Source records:
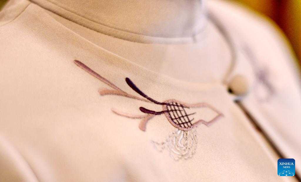 This photo taken on June 24, 2025 shows embroidered patterns on a set of customized clothes displayed at the flagship store of Longqingxiang in Beijing, capital of China. (Xinhua/Li Xin)
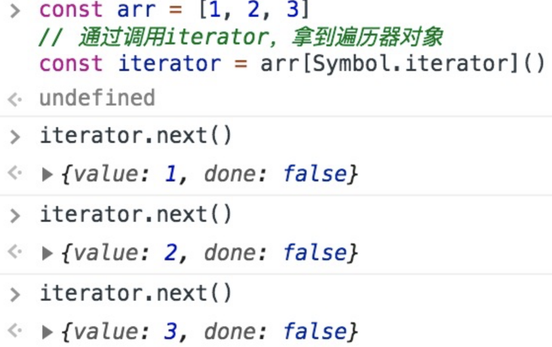 ps:此处推荐阅读迭代协议 (opens new window) (opens new window),相信大家读过后会对迭代器在ES6中的实现有更深的理解。
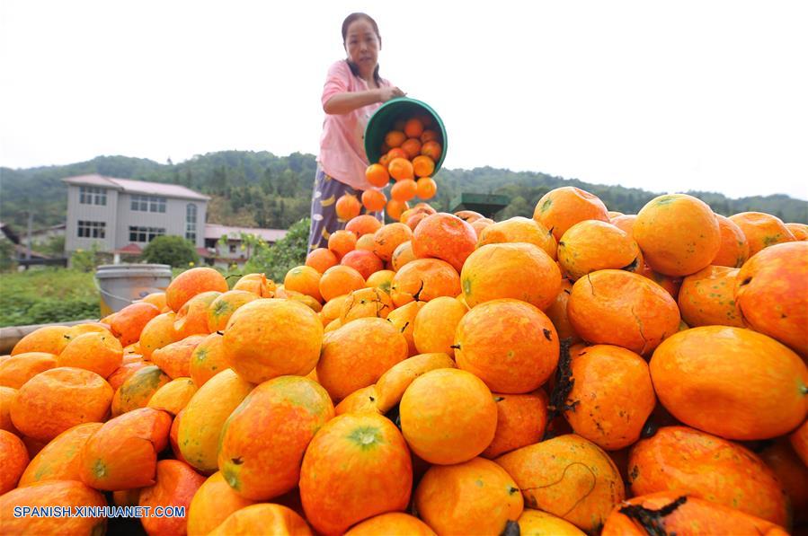 JIANGXI, octubre 5, 2018 (Xinhua) -- Imagen del 4 de octubre de 2018 de una residente vertiendo frutas de Trichosanthes Kirilowii cosechadas, en la villa de Shankou del municipio de Gaohu en el condado de Jing'an, provincia de Jiangxi, en el este de China. (Xinhua/Deng Xingdong)
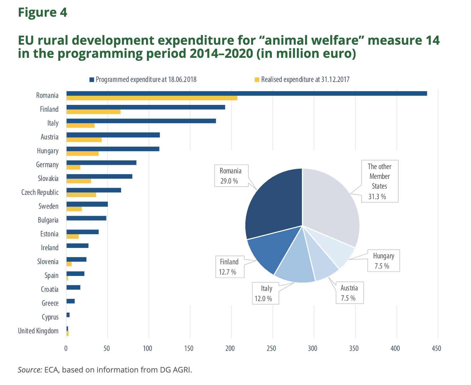 Member states also can draft Rural Development Programs to draw on funds from the EU based on a set of measures set out by the EU. Countries themselves define the conditions applied to the measures included, which may include Measure 14: “promoting food chain organisation, animal welfare and risk management in agriculture”, but it is not mandatory. These programs are then approved by the Commission. For the 2014–2020 period, the funds allocated to the animal welfare measure of the Rural Development Funds account for €1.5 billion (1.5 % of the total EU rural development funds), an increase from the €1 billion in 2007–2013 (ECA, 2018). 10 member states have not used the rural development funds for animal welfare in the most recent reporting period. It may be understandable that countries omit animal welfare conditions from their programs altogether because there may not be enough of a market for farmers to transition to higher welfare standards and maintain competitiveness regardless of transition costs being covered, or that countries simply have other priorities when designing these programs. However, even among those who do include animal welfare conditions in their programs a lot of the available money appears to simply be left on the table, as can be seen from the difference in programmed and actual expenditure in the figure below (ECA, 2018). One plausible explanation is simply that some countries do not have the institutional capacity to effectively apply for and distribute these funds in what is often a huge and complicated bureaucratic system.
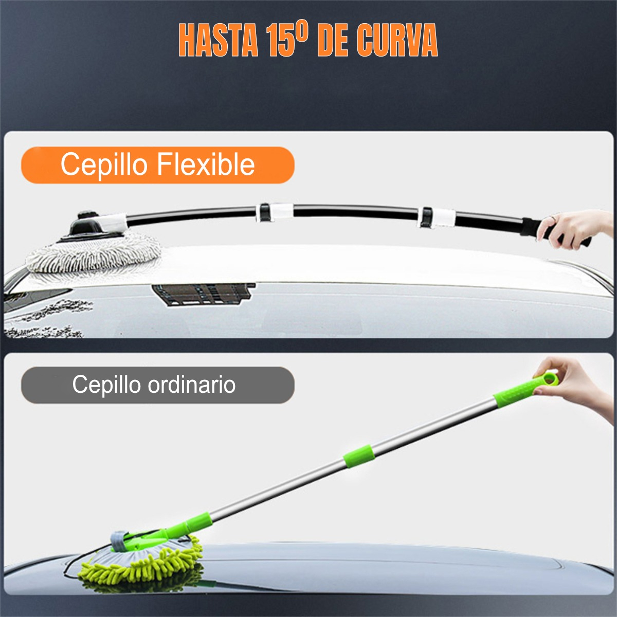 No mas complicaciones a la hora de lavar el auto. Este cepillo flexible te permite llegar a zonas en donde uno ordinario no lo hace. Esta hecho con un material que resiste hasta 27kg.
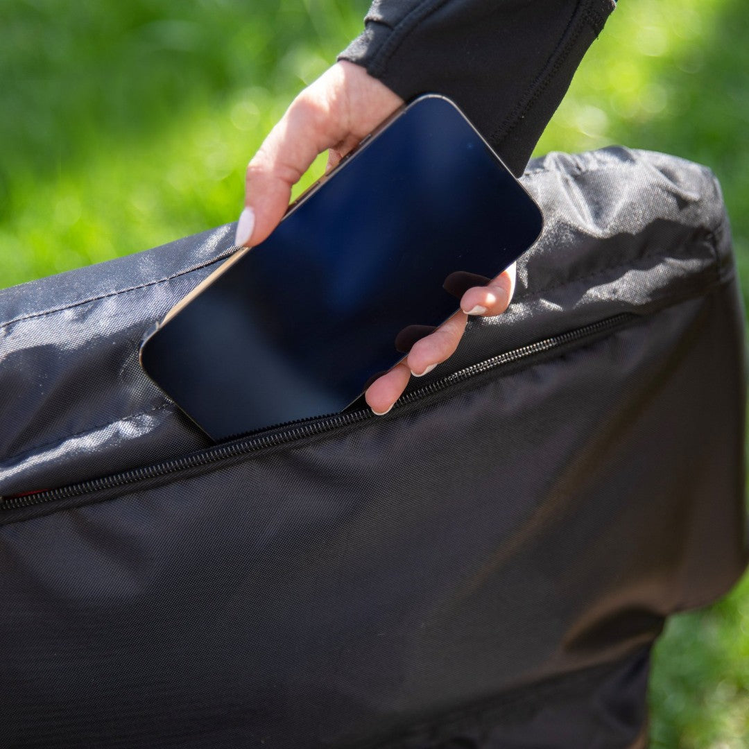 - Storage and convenience: Dual storage pockets (single right side pocket and left side zippered removable dual pocket/cup holder) plus backpack straps for hands-free transport and slim profile for vertical or horizontal storage.
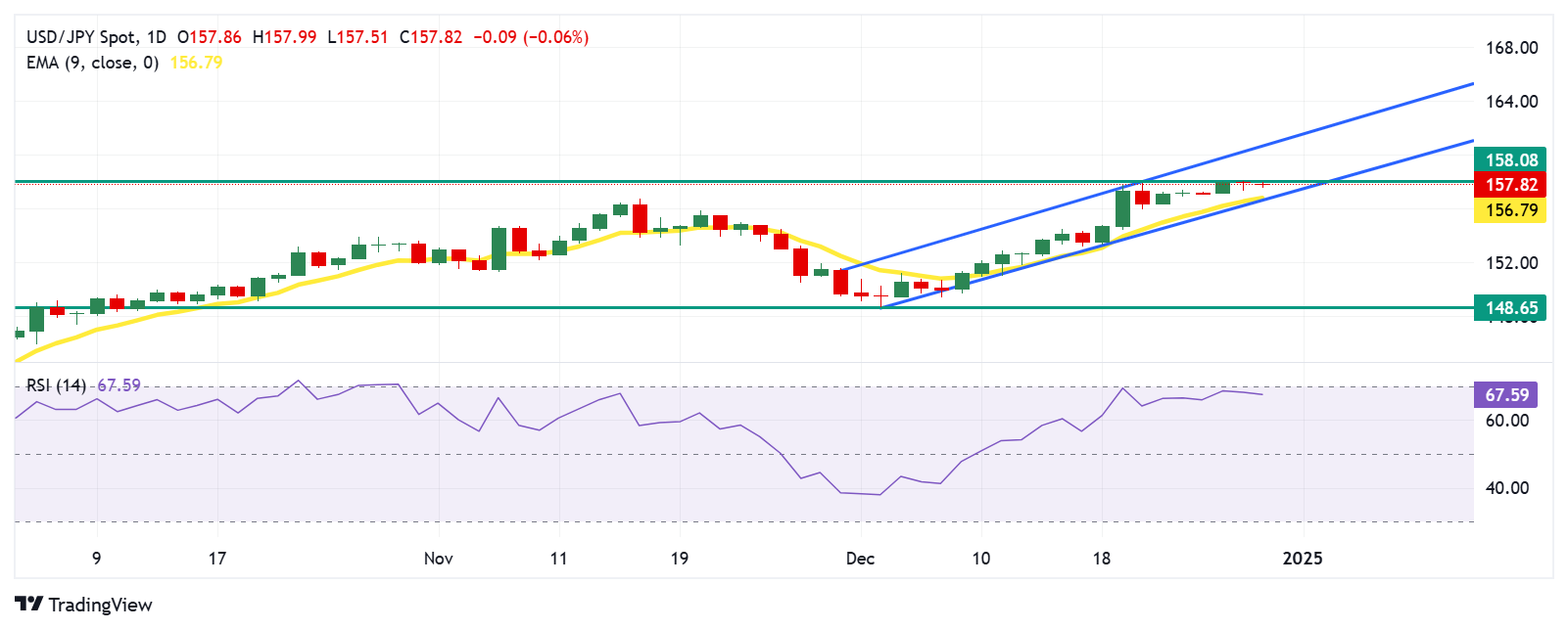 美元/日元周一在 157.80 附近交易,在日缐图上保持看涨势头。14 天相对强弱指数 (RSI) 徘徊在 70 水平以下,支撑看涨趋势。然而,如果 RSI 超过 70 大关,则可能表明超𧹒状况,可能引发下行修正。
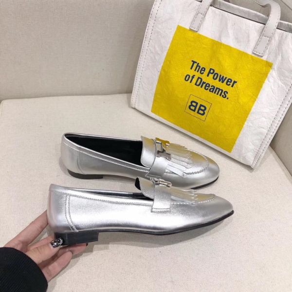 HERM Royal Loafers In Silver Metallic Lambskin
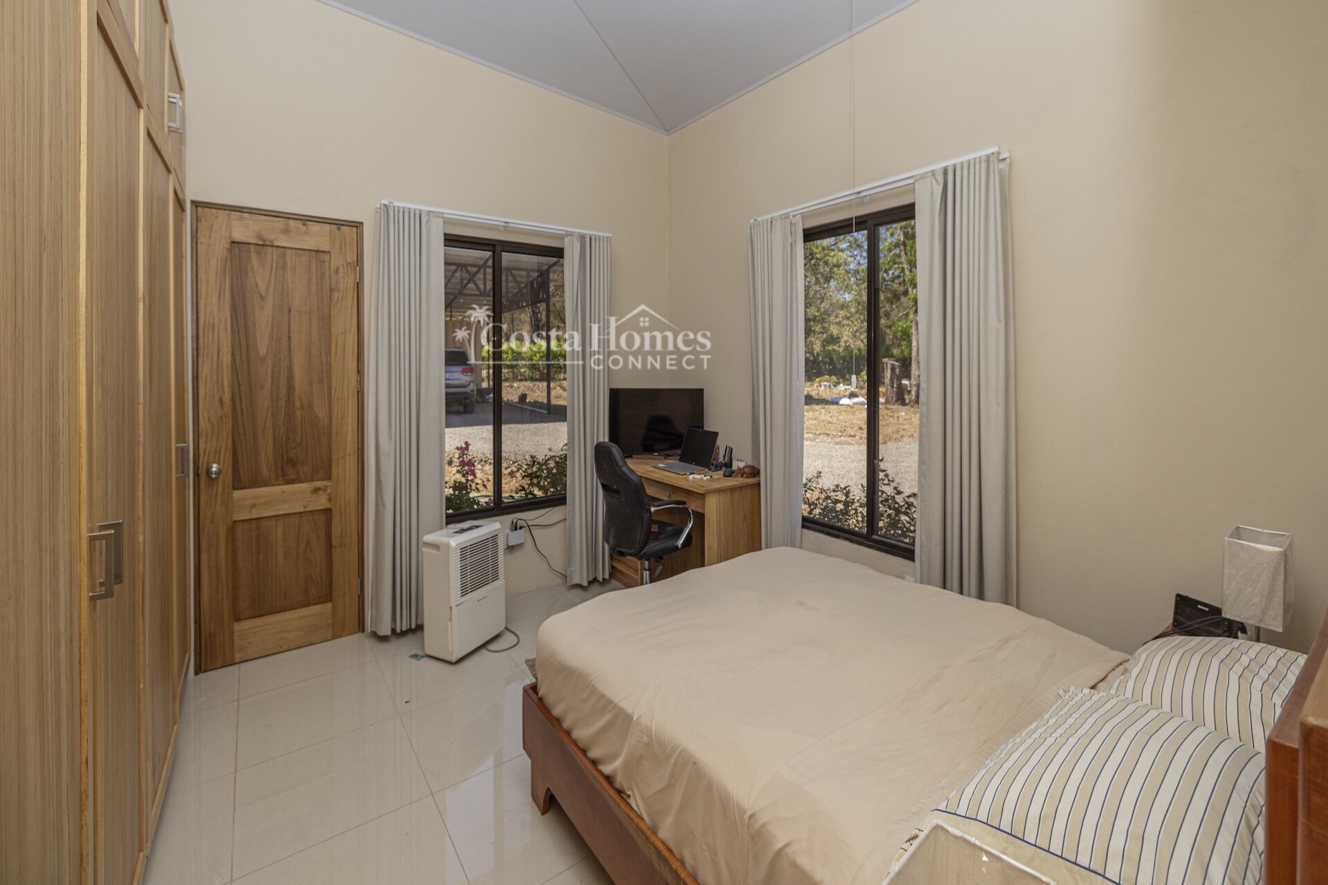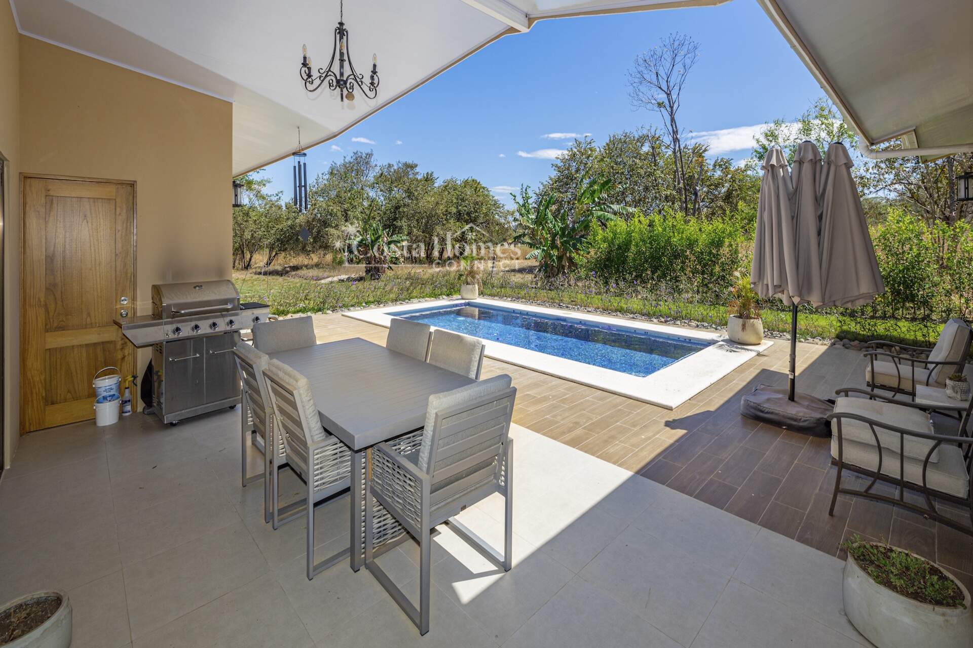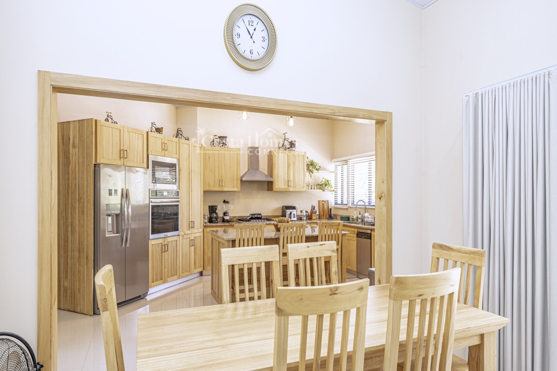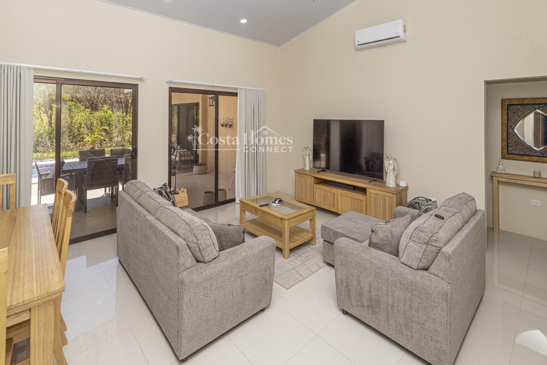 Set within the tranquil and private Vista Ridge community near Playas del Coco, this beautifully designed one-level estate home offers 3 bedrooms and 3.5 baths across 2,900 square feet including the attached garage and expansive covered terraces, all positioned on an estate-sized 6,309 square meter (1.5 acre) mostly flat lot with nature and mountain views and abundant irrigation from a private artesian well. The light and airy interior showcases light-colored custom wood cabinetry, a large chef’s kitchen with a huge center island and oversized pantry, and defined yet seamlessly connected dining and living spaces that flow effortlessly to the spacious covered terrace, oversized pool, and generous yard—perfect for indoor-outdoor living.
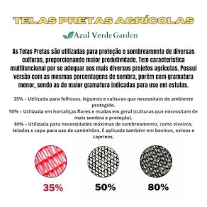 As telas pretas são utilizadas para proteção e sombreamento de diversas culturas, proporcionando maior produtividade. Tem característica multifuncional por se adequar aos mais diversos projetos agrícolas. Possui versão com as mesmas porcentagens de sombra, porém com gramatura menor, sendo as de maior gramatura indicadas para uso em estufas.
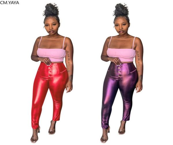 women pants spring high waist button pu leather night club wear solid color ankle length leggings women3463291, Black;white

_Instructions for the task_
Through the line containing "ps:此处推荐阅读迭代协议 (opens new" and no further, restate the data above word for word from its first line, leaving out pictures.

_Solution below_
 This photo taken on June 24, 2025 shows embroidered patterns on a set of customized clothes displayed at the flagship store of Longqingxiang in Beijing, capital of China. (Xinhua/Li Xin)
 ps:此处推荐阅读迭代协议 (opens new window) (opens new window),相信大家读过后会对迭代器在ES6中的实现有更深的理解。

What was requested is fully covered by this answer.